HCP metadata query API

The HCP metadata query API lets you search HCP for objects that meet specified criteria. The API supports two types of queries:

  • Object-based queries

    Search for objects based on object metadata. This includes both system metadata and the content of custom metadata and ACLs. The query criteria can also include the object location (that is, the namespace and/or directory that contains the object). These queries use a robust query language that lets you combine search criteria in multiple ways.

    Object-based queries search only for objects that currently exist in the repository. For objects with multiple versions, object-based queries return only the current version.

  • Operation-based queries

    Search not only for objects currently in the repository but also for information about objects that have been deleted. For namespaces that support versioning, operation-based queries can return both current and old versions of objects.

    Criteria for operation-based queries can include object status (for example, created or deleted), change time, index setting, and location.

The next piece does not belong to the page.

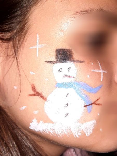 Με την μαγική αστερόσκονη και χιλιάδες οικολογικά χρώματα, τα σκανδαλιάρικα ξωτικά, οι παιχνιδιάρικοι καλικάντζαροι, οι μικροί νάνοι και οι χαμογελαστοί χιονάνθρωποι μεταμορφώνουν τα προσωπάκια όλων των παιδιών. Χρωματίζουν δηλαδή τα παιδικά προσωπάκια με καταπληκτικά χριστουγεννιάτικα και γιορτινά σχέδια. Συγκεκριμένα, τα μεταμορφώνουν σε Ρούντολφ το ελαφάκι, Άγιο Βασίλη, χιονονιφάδες, πολικές αρκούδες, πανέμορφα χριστουγεννιάτικα έλατα, δώρα, ζαχαρωτά, λαμπερά αστέρια, λαμπιόνια και πολλά πολλά άλλα. Ο καλλιτέχνης μας ενδεικτικά θέλει 3-5 λεπτά για το κάθε παιδάκι.

The metadata query API returns object metadata only, not object data. The metadata is returned either in XML format, with each object represented by a separate element, or in JSON format, with each object represented by a separate name/value pair. For queries that return large numbers of objects, you can use paged requests.

HCP Search Console

The HCP Search Console is an easy-to-use web application that lets you search for and manage objects based on specified criteria. For example, you can search for objects that were stored before a certain date or that are larger than a specified size. You can then delete the objects listed in the search results or prevent those objects from being deleted. Similar to the metadata query API, the Search Console returns only object metadata, not object data.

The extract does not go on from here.